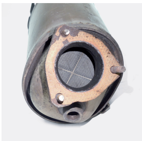
Рисунок 1: Демонтированный сажевый фильтр

Если после монтажа турбонагнетателя проблемы с мощностью автомобиля не прекращаются или новый турбонагнетатель сразу же выходит из строя, то причиной тому может быть сажевый фильтр.
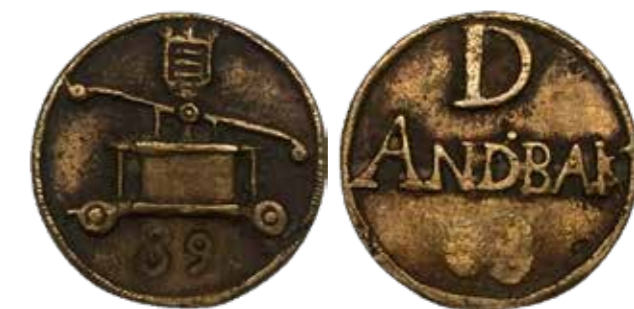
Type Enkh2 Spuit D, spuitgast 89. Fries Museum: N14171
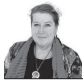
Griselda De Paoli Especial para EL DIARIO

La celebración por los 211 años de elevación a Villa de la Bajada del Paraná, brindan motivos para rescatar más de dos siglos de historia de la ciudad a partir de reconocer el legado histórico en las edificaciones ubicadas en torno a la plaza 1 de Mayo, como la Casa de Gobierno de la Confederación, en el predio que ocupa la Escuela Normal José María Torres.
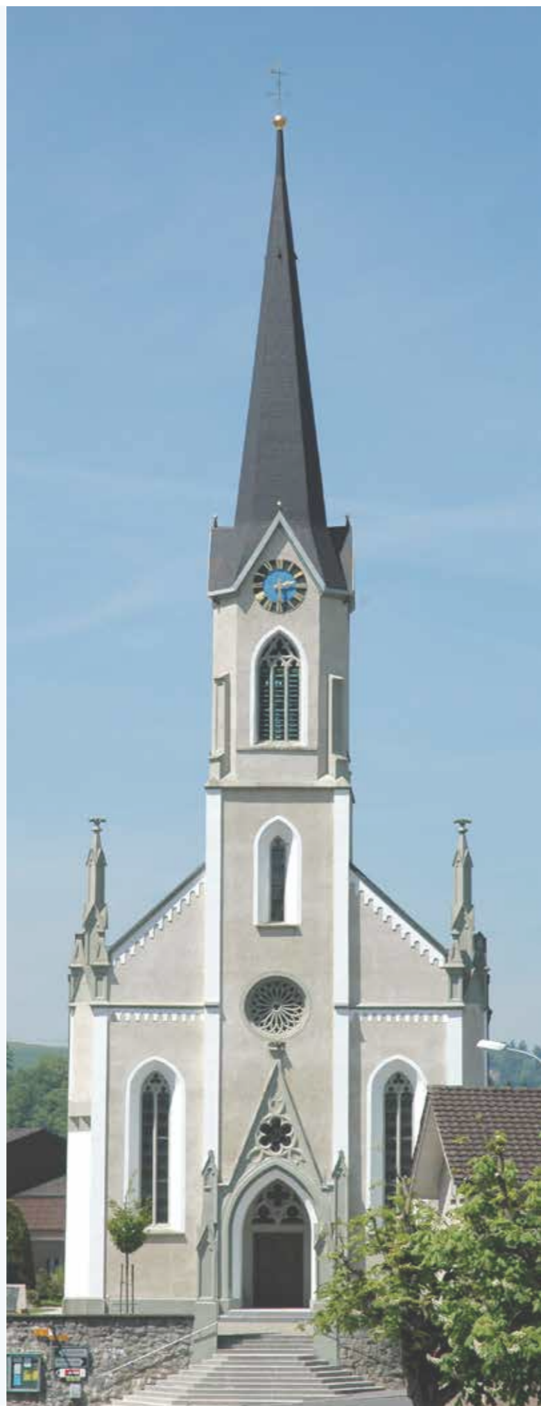
Photo à droite: l'église de Doppleschwand (LU), soutenue par la Mission Intérieure.

SCHWEIZER BISCHOFSKONFERENZ CONFÉRENCE DES ÉVÊQUES SUISSES CONFERENZA DEI VESCOVI SVIZZERI CONFERENZA DILS UESTGS SVIZZERS
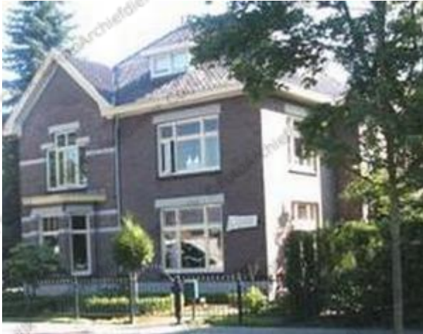
Alleen de directiewoning herinnert heden ten dage nog aan de melkfabriek.

De 34 meter hoge schoorsteen, die jaren een gezichtsbepalend beeld vormde voor het centrum van Cuijk, ging onder grote belangstelling eveneens tegen de vlakte.
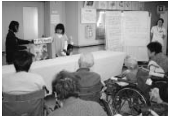
拍手喝采を受けた小学生による人形劇
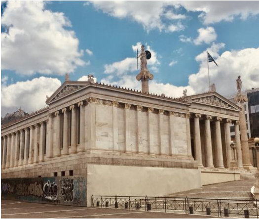
Δύο Πλευρές, Πανεπιστήμιο – Τριλογία Αθήνας
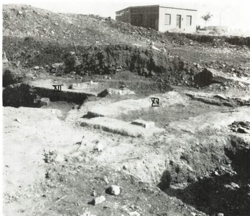
β. Οι ζιβωτόσχημοι τάφοι XII και XV.
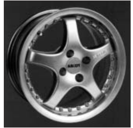
▲ 15.13 / 16.13 / 17.13
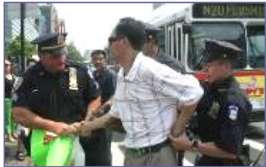
纽约警方逮捕谩骂法轮功学员的中共暴徒

法拉盛事件已经得到美国上百名联邦参议员、众议员办公室，国务院、联邦调查局、国土安全部等的关注和调查，十多位政要谴责文革式的黑色暴力，并表示这样的攻击损害了美国的立国精神：自由和人权。（左
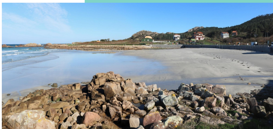
Praia de Arou
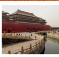
พระราชวังกู่กง
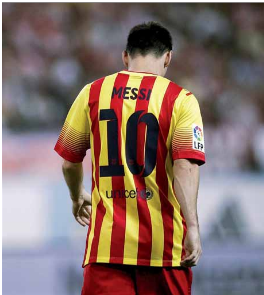
Leo Messi, capcot, camina sobre la gespa del Calderón

La primera part de Messi va estar en consonància amb la de l'equip. De fet, d'una pèrdua de pilota seva va néixer el gol de Villa en la primera part, en el moment en què intentava anar-se'n de tres rivals. El joc directe que va practicar el Barça durant la primera meitat no va afavorir gens el joc del de Rosario, que deambulava pel camp esperant l'esfèrica. La va rebre en el minut 23 i va decidir que s'havia d'intentar batre Courtois, però amb un xut des de la frontal de l'àrea no ho va aconseguir. La defensa de l'Atlético va evitar una bona actuació del crac argentí, que ja va disputar els darrers minuts del primer temps tocat. ■
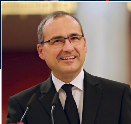
Dua ribu orang mampu menghadiri kebaktian Pentakosta di Wina (Austria) secara langsung, sementara ratusan ribu lainnya di seluruh dunia berpartisipasi dalam kebaktian melalui siaran audio-visual
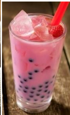
タピオカイチゴミルク Trà Sữa Trân Châu vị Dâu Tây
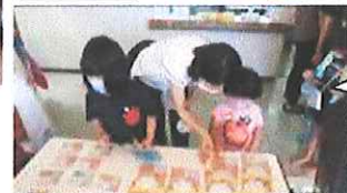
「子どもマルシェ」どれにしようかな？
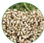
花生 25-30 kg/亩
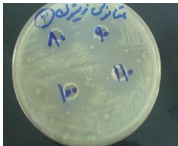
شکل ۲. نتایج قطر هاله ممانعت از رشد در اطراف چاهک حاوی ۸۰، ۹۰ و ۱۰۰ و ۱۱۰ میلی گرم در میلی لیتر از عصاره متانولی میوه زیتون تلخ به روش چاهک

میانگین قطر هاله ممانعت از رشد در اطراف چاهک حاوی ۸۰، ۹۰، ۱۰۰ و ۱۱۰ میلی گرم در میلی لیتر از عصاره متانولی به ترتیب 24/66 \pm 0/57 ، 26/33 \pm 0/57 و 29/33 \pm 2/3 میلی متر بود (شکل ۲).

::::::::

About this exercise
Which part of the entries opens with the line containing "β. Οι ζιβωτόσχημοι τάφοι XII και XV." and closes with the line containing "花生 25-30 kg/亩"? Output that part exactly, ends included, pictures excluded.

Response to the task
β. Οι ζιβωτόσχημοι τάφοι XII και XV.
▲ 15.13 / 16.13 / 17.13
纽约警方逮捕谩骂法轮功学员的中共暴徒

法拉盛事件已经得到美国上百名联邦参议员、众议员办公室，国务院、联邦调查局、国土安全部等的关注和调查，十多位政要谴责文革式的黑色暴力，并表示这样的攻击损害了美国的立国精神：自由和人权。（左
Praia de Arou
พระราชวังกู่กง
Leo Messi, capcot, camina sobre la gespa del Calderón

La primera part de Messi va estar en consonància amb la de l'equip. De fet, d'una pèrdua de pilota seva va néixer el gol de Villa en la primera part, en el moment en què intentava anar-se'n de tres rivals. El joc directe que va practicar el Barça durant la primera meitat no va afavorir gens el joc del de Rosario, que deambulava pel camp esperant l'esfèrica. La va rebre en el minut 23 i va decidir que s'havia d'intentar batre Courtois, però amb un xut des de la frontal de l'àrea no ho va aconseguir. La defensa de l'Atlético va evitar una bona actuació del crac argentí, que ja va disputar els darrers minuts del primer temps tocat. ■
Dua ribu orang mampu menghadiri kebaktian Pentakosta di Wina (Austria) secara langsung, sementara ratusan ribu lainnya di seluruh dunia berpartisipasi dalam kebaktian melalui siaran audio-visual
タピオカイチゴミルク Trà Sữa Trân Châu vị Dâu Tây
「子どもマルシェ」どれにしようかな？
花生 25-30 kg/亩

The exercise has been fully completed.